The 'gagging visa' was first uncovered by Global Mail photographer Mike Bowers, whose publication quotes Nauru’s Government Information Office Director, Joanna Olsson, as saying the move was “for revenue purposes. What else would it be for?”

Well, for increasing the deterrents to the Australian media documenting a shameful period of our history, perhaps?

Whatever one thinks of the split between 'legitimate refugees' and 'economic migrants' in the boats that continue to make it to Australian territory, there is no peace-time precedent for an Australian government farming out this kind of decision-making to an island 'nation' of just over 9000 people and, when questioned about policy, replying: "This is a matter for the Government of Nauru."

The inmates on Nauru are Australia's prisoners. The Nauru government is massively propped by up by Australian dollars. These matters should be freely covered by Australian journalists.

In the interests of context, readers may like to look for themselves at the island of Nauru through the satellite imagery available through Google Maps.

A few seconds are enough to remember that the sovereign nation is in fact a tiny, convenient vassal state that has been central to a cynical manipulation of Australian voters by at least five governments, both Coalition and Labor. 

One might as well send detainees to a camp outside Broken Hill in western New South Wales – which, incidentally has twice the population of Nauru – and then blame any problems on the local City Council.

Or better still, move them to the sovereign principality of Hutt River and blame everything on the ruling monarch, Prince Leonard.

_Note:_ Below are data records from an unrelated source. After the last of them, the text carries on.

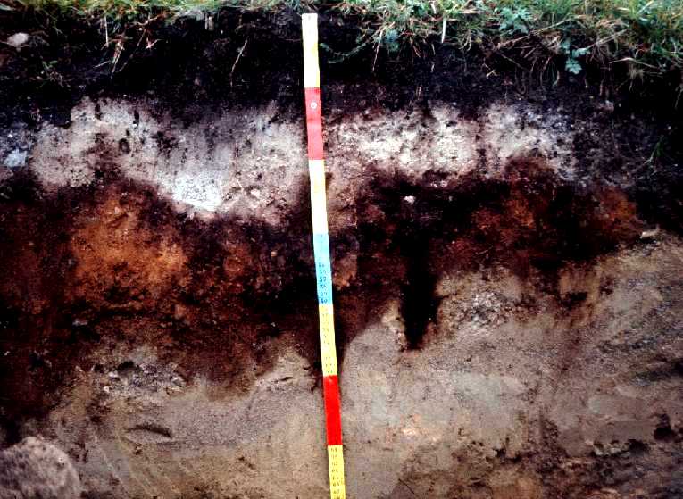 3. Los horizontes de lavado, en el que los minerales más fáciles de descomponer por la acción del clima, organismos y materia orgánica, desprenden partículas (limos arcilla, moléculas orgánicas, nutrientes) al siguiente horizonte. Se trata de los horizontes “E”.
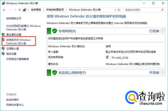 弹出的界面,我们点击启用或关闭Windows Defender防火墙;
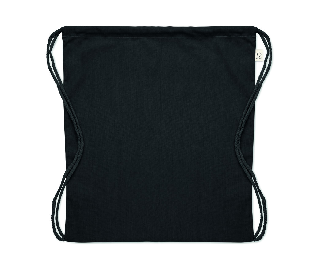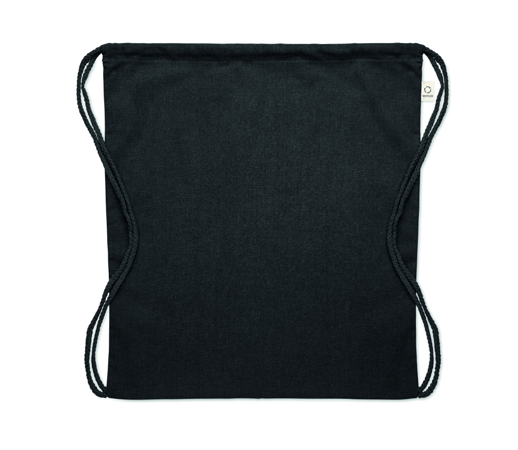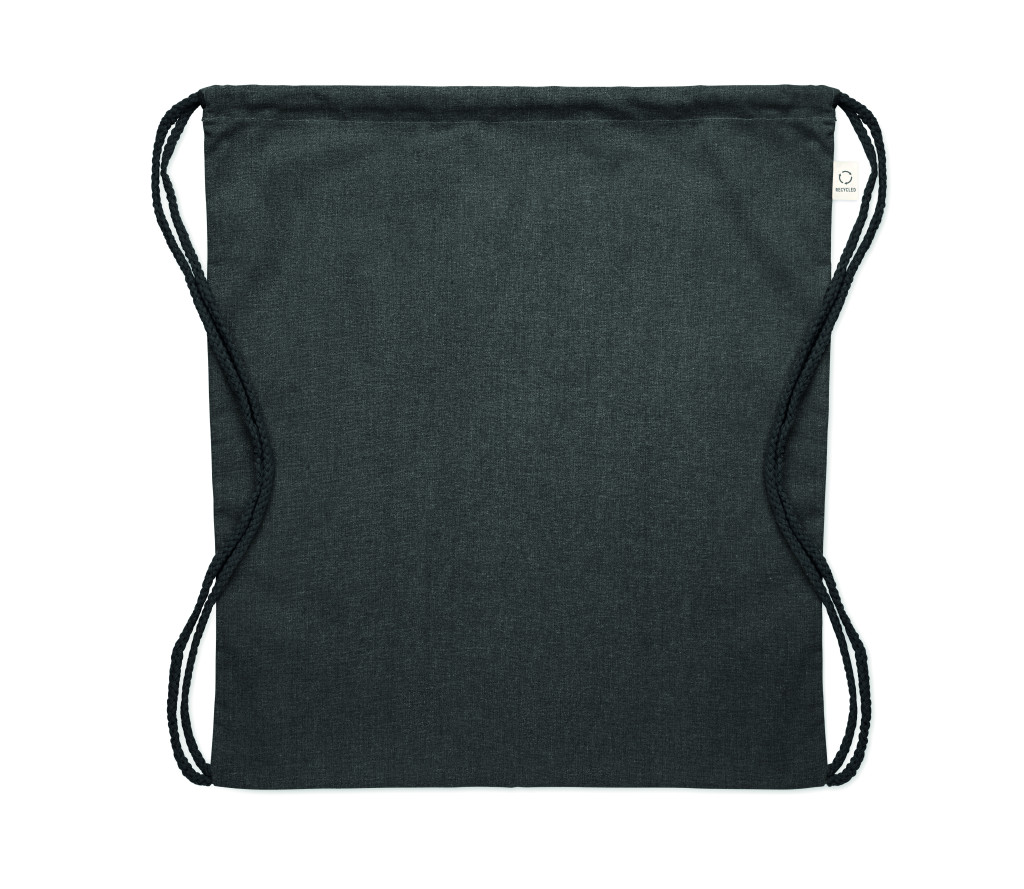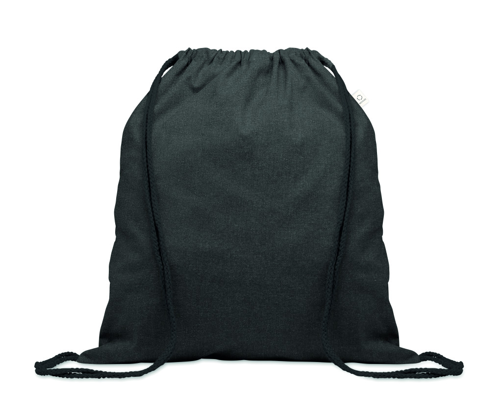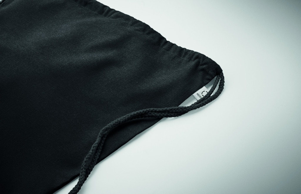 Húzózsinóros táska 30% fogyasztás előtti újrahasznosított pamutból és 30% RPET-ből. 140 g/m². Ez az anyag nyomtatás után zsugorodhat.

No. Our prisoners are our affair. It is bad enough the 'boats' debate has been so blown out of proportion in Australia by both the Coalition and Labor in their 'race to the bottom' on this issue. Allowing an erosion of democracy by putting roadblocks in front of the fourth-estate that exists to preserve that very democracy, compounds the error.

While there is no evidence that Immigration Minister Scott Morrison was complicit in Nauru's decision, it is certain that his department, through its funding arrangements for Nauru's detention 'industry' could exert enough pressure to overturn the gagging visas. If their creation truly was for 'revenue' reasons, that extra revenue could easily be found.

But what will he do? Likely, nothing.

The political potency of refugee issues is wildly out of proportion to the impact boat arrivals have on the community. Put another way, boat arrivals in no way threaten the welfare of Australians – they just offer an easy, if unfounded, way of whipping up fear in the community. And politicians on both sides thrive on fear.

In the UK, where the UK Independence Party has tapped xenophobic fears even more successfully than One Nation did in Australia in the late 1990s, the refugee debate has taken some confusing turns recently.

UKIP leader Nigel Farage has in the past week voiced support for the resettlement of Syrians fleeing that nation's humanitarian crisis, but fanned the flames of intolerance by calling for a five year moratorium on migration to Britain.

He's also said he'd rather see Britain poorer, with fewer migrants – acknowledging that migration has continued to benefit his country's economic growth. Britain's Office for Budget Responsibility forecasts that with current migrant intakes, it would see GDP grow 2.7 per cent per year over the next 50 years, but 1.9 per cent a year if migration was halted.

Back home, NSW Senator and ALP right-faction broker Sam Dastyari has been grappling with the same issue, but taking the opposite line. In The Australian last week, he wrote: "A conversation about a bigger Australia should begin by admitting to, and addressing, the prejudices that run deep in our history and our communities."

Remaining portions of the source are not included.